Provide informal economy support through a dedicated fund. Collect offerings specifically for this purpose. Distribute funds fairly, with priority given to inmates without outside support. Track expenditures and report to the congregation. Generosity that is organized and accountable endures; generosity that is haphazard and unaccounted for fades.

Extend the ministry to families. The inmate’s spouse, children, and parents are suffering as much as he is—and they are doing so without the structured routine and captive community that prison ironically provides. They are suffering in isolation, sometimes in shame, in a financial crisis. A church that visits the prisoner but ignores his family has done half the job. My wife has never worked outside the home, and without my friends and son David, she could not have survived those six years.

The Impact of Being Forgotten

I must close this chapter with a word about what happens when the church does not come—when the letters stop, the visits end, the phone calls cease, and the incarcerated Christian is left alone with his faith and his cellmates.

What happens is spiritual erosion. The man who once stood firm begins to waver. The doctrines he held with conviction begin to feel academic. The promises of God that sustained him in the early months of his imprisonment begin to ring hollow—not because they are false, but because there is no one to remind him that they are true. “Faith cometh by hearing, and hearing by the word of God” (Romans 10:17). But who will preach if no one comes?

I watched a couple of men lose their faith in prison. Not all at once—not in a dramatic renunciation—but gradually, imperceptibly, the way a shoreline erodes. A little less prayer. A little less Bible reading. A little more participation in the módulo’s vices. A little less resistance to the prevailing moral code. And eventually, the man who once professed Christ is indistinguishable from the man who never did.

Was the church at fault? Not entirely. The man himself bears responsibility for his own walk with God. But the church bears responsibility for failing to “bear one another’s burdens, and so fulfill the law of Christ” (Galatians 6:2). The isolated Christian is a vulnerable Christian. And the church that leaves its members in isolation has failed in its most basic calling. “I was in prison, and ye came unto me” (Matthew 25:36). Or did you not? And on the day of judgment, the distinction will matter. Ask yourself if you have a Hebrews 13:3 perspective and attitude: “Remember them that are in bonds, as bound with them.”

Action Steps

If your church does not have a prison ministry, start one. Begin with a single volunteer visiting a single inmate. Build from there. The first step is the hardest; after that, God will multiply the effort.

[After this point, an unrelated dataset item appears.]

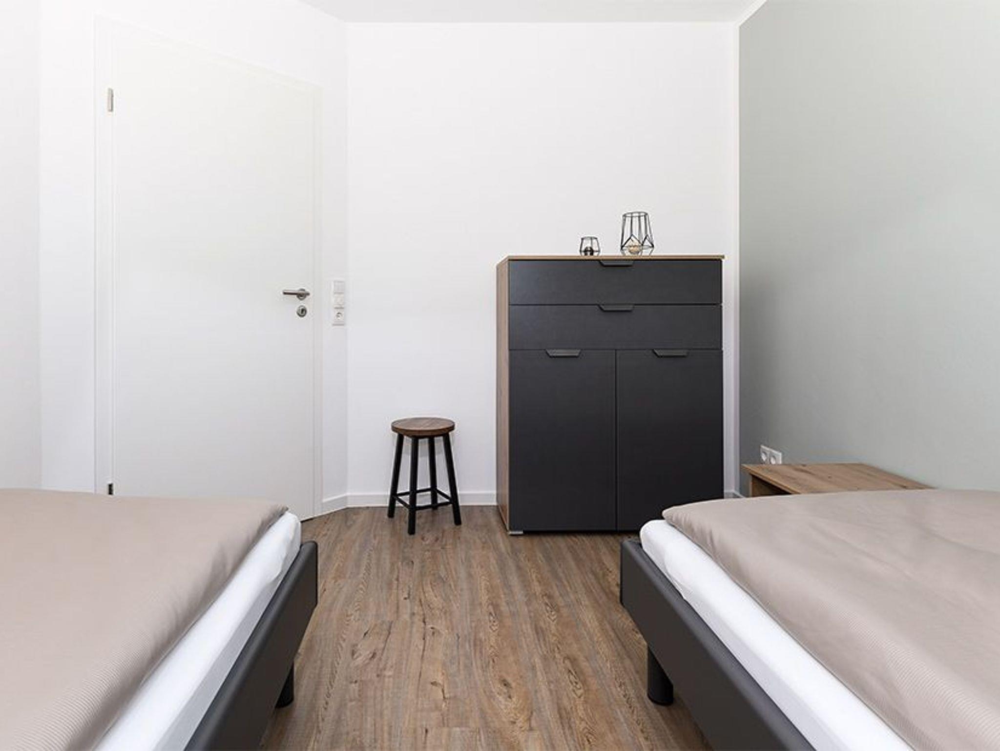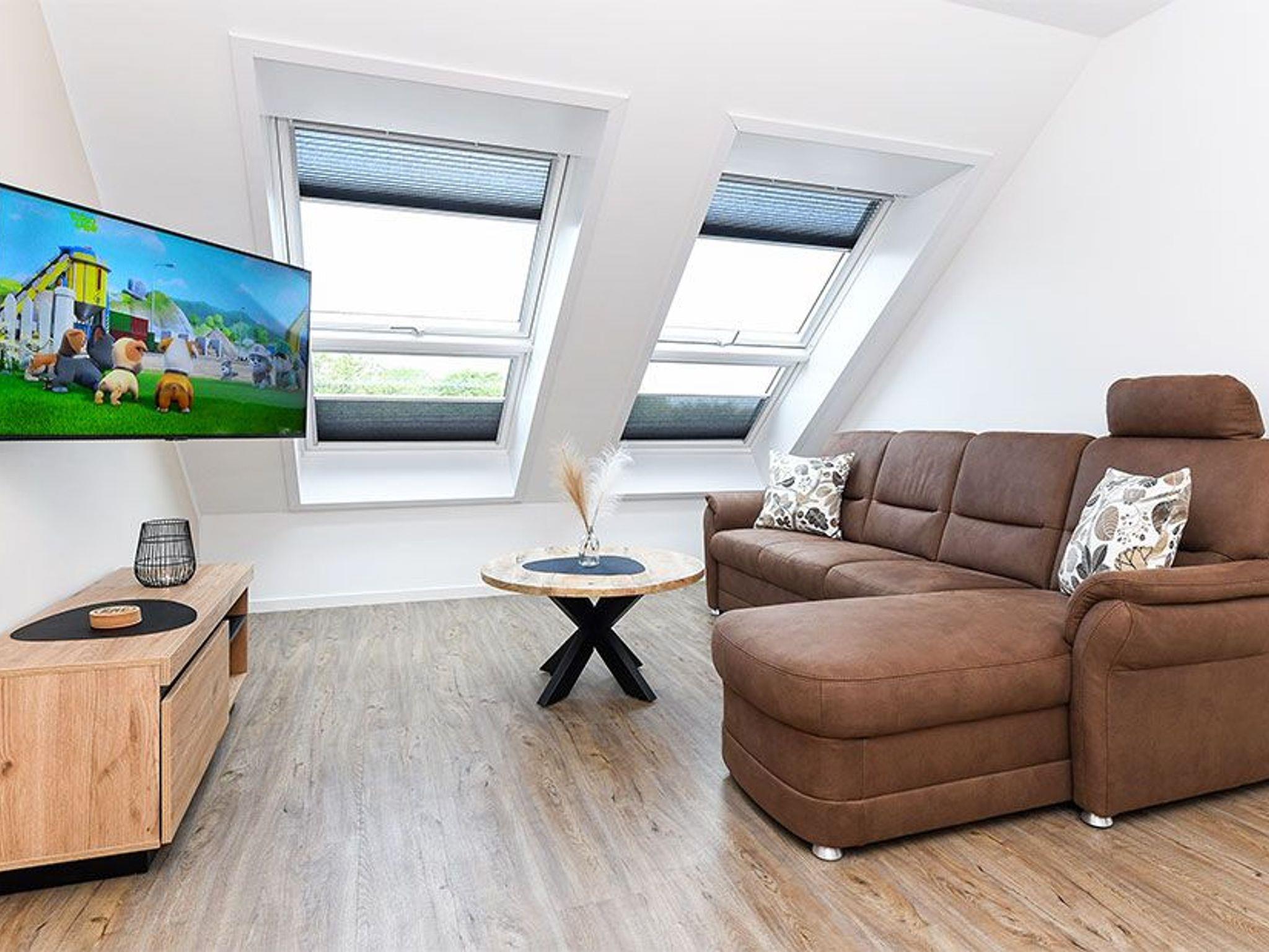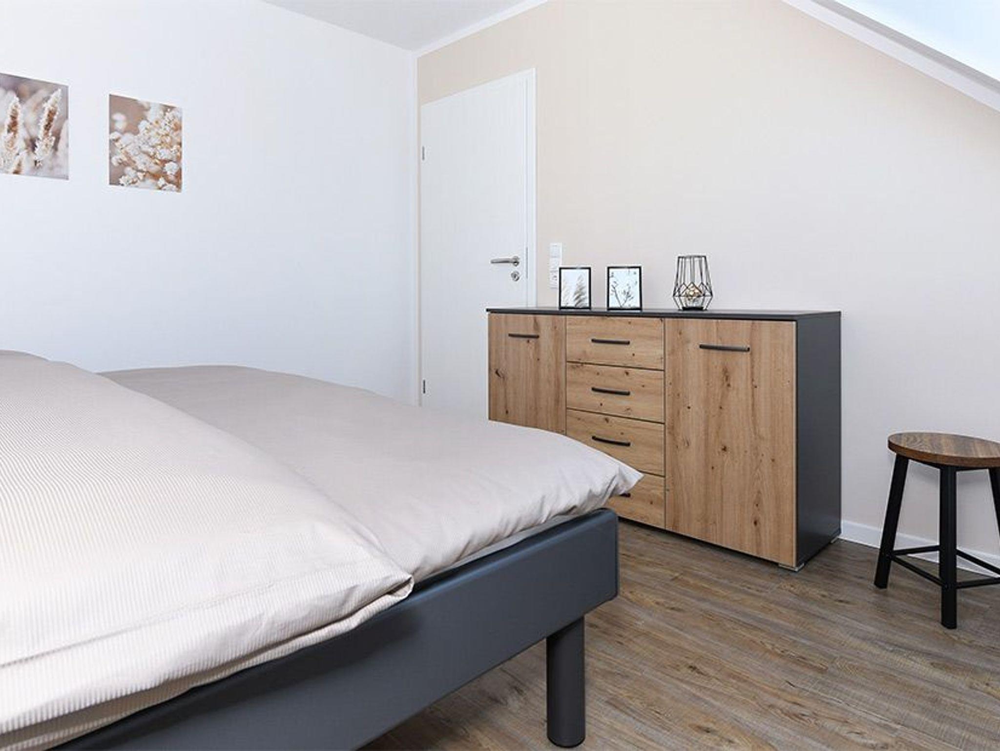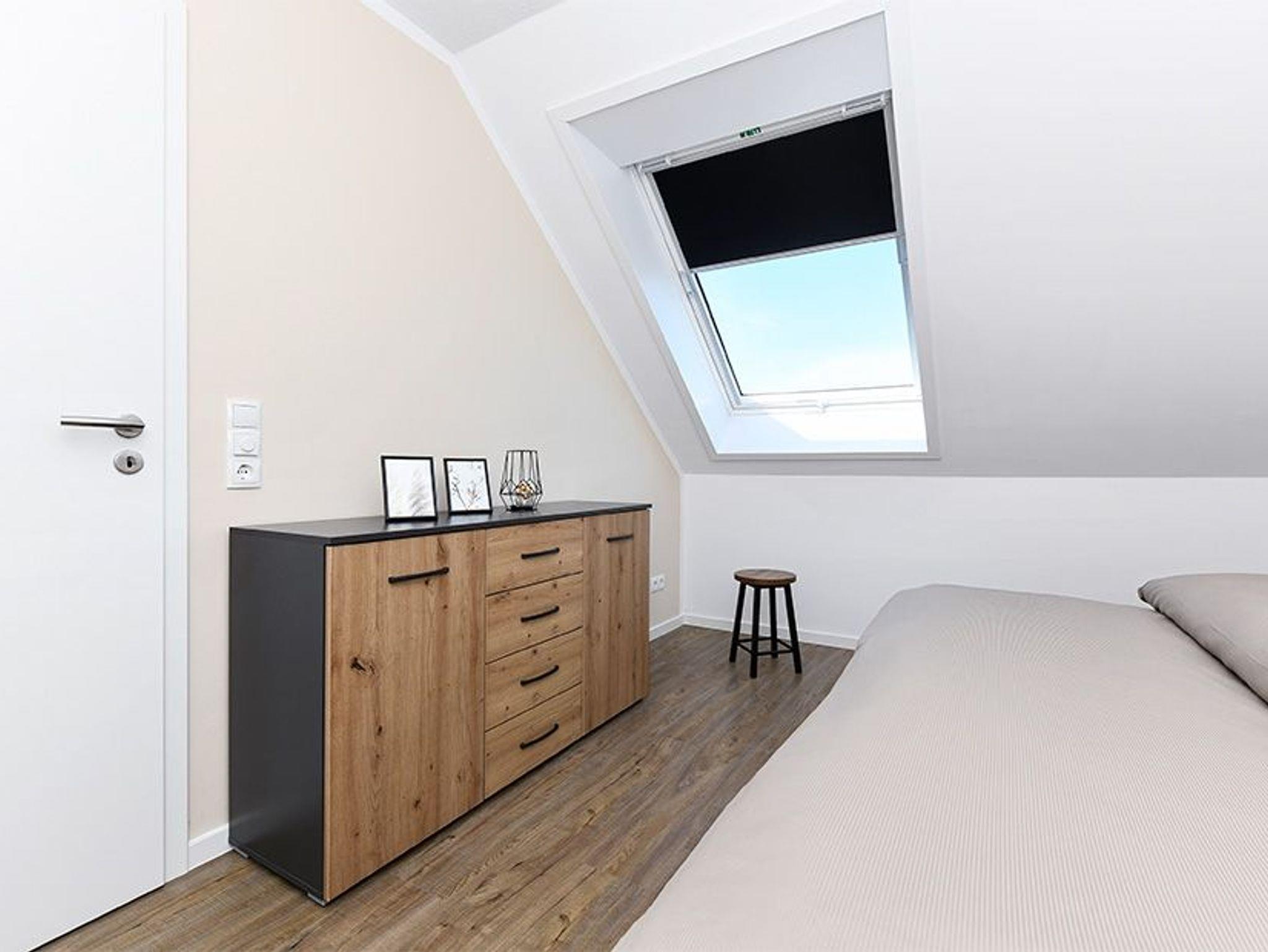 Größe ca. 57 Quadratmeter. Wohnraum mit integrierter Küche. Schlafzimmer, zweites, separates Schlafzimmer, Badezimmer mit Dusche, Waschtisch und WC, Obergeschoss, optimal für 1 bis 4 Personen.

Establish a informal economy fund with a monthly budget. Even fifty dollars per month directed to an inmate without family support can transform his daily existence and open doors for the Gospel being presented by you or him to others.

Write one letter or email per week to an incarcerated person. Keep it personal, specific, and spiritually substantive. Ask questions. Reference previous letters. Make it clear that you remember who they are and that you will write again.

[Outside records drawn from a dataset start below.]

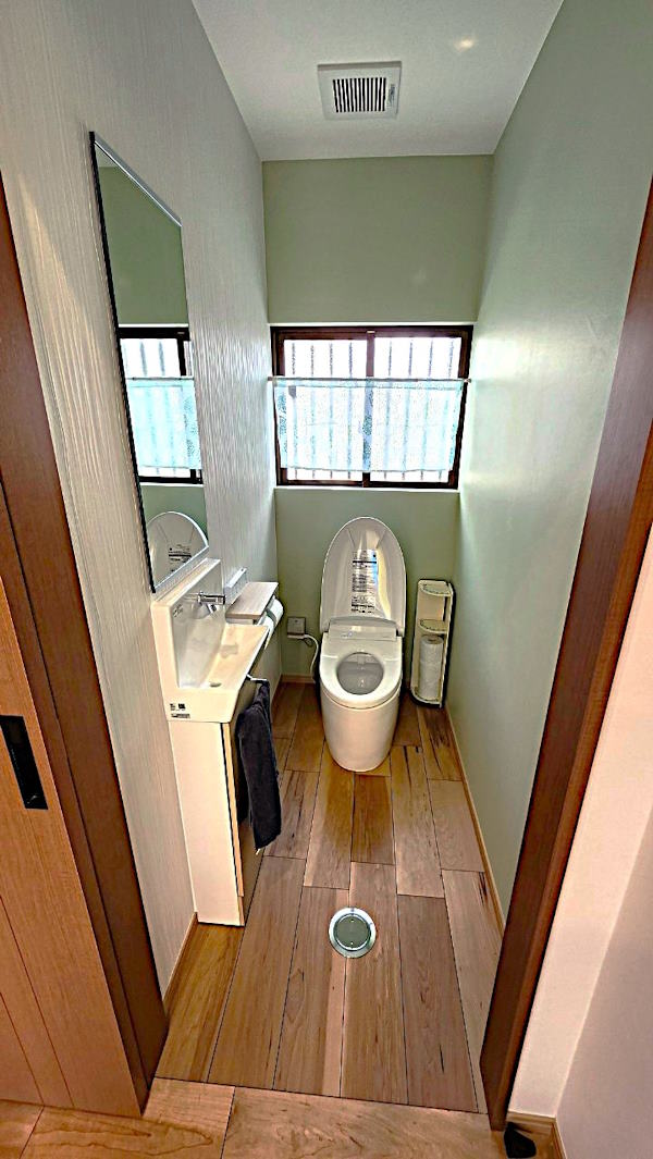 トイレの横幅があまり取れなかったため狭小手洗いを採用。開き戸ではなく引き戸のしたことで、開放的なトイレにリノベーションしました。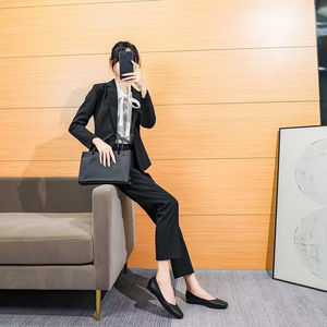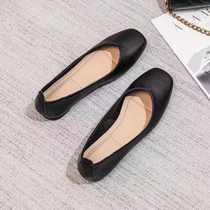 真软皮工作鞋黑色方头平底工装职业上班皮鞋面试空姐舒适软底单鞋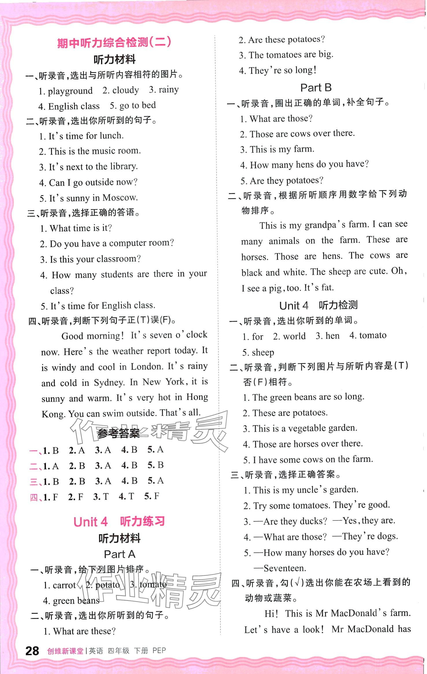 注:目前有些书本章节名称可能整理的还不是很完善,但都是按照顺序排列的,请同学们按照顺序仔细查找。练习册 2024年创维新课堂四年级英语下册人教版 答案主要是用来给同学们做完题方便对答案用的,请勿直接抄袭。

Extend your ministry to the inmates family. Visit the spouse. Help with groceries. Drive the children to school. Sit with the family in church. Do not let them disappear from the congregation’s awareness.

Commit to a visitation schedule and keep it. Consistency is the single most important quality of effective prison ministry. Everything else is secondary.

Discussion Questions

Why does the church so often fail in its obligation to minister to prisoners? What institutional, cultural, and theological barriers prevent churches from engaging in prison ministry?

Read Matthew 25:31-46 and Hebrews 13:3. How does Christ’s identification with the prisoner challenge our assumptions about who deserves the church’s attention and resources?

What is the relationship between practical support (money, food, books, legal help) and spiritual ministry (preaching, counseling, discipleship) in the context of prison? Can they be separated, or must they go together?

How can a church maintain long-term prison ministry without burning out volunteers? What organizational structures support sustainability?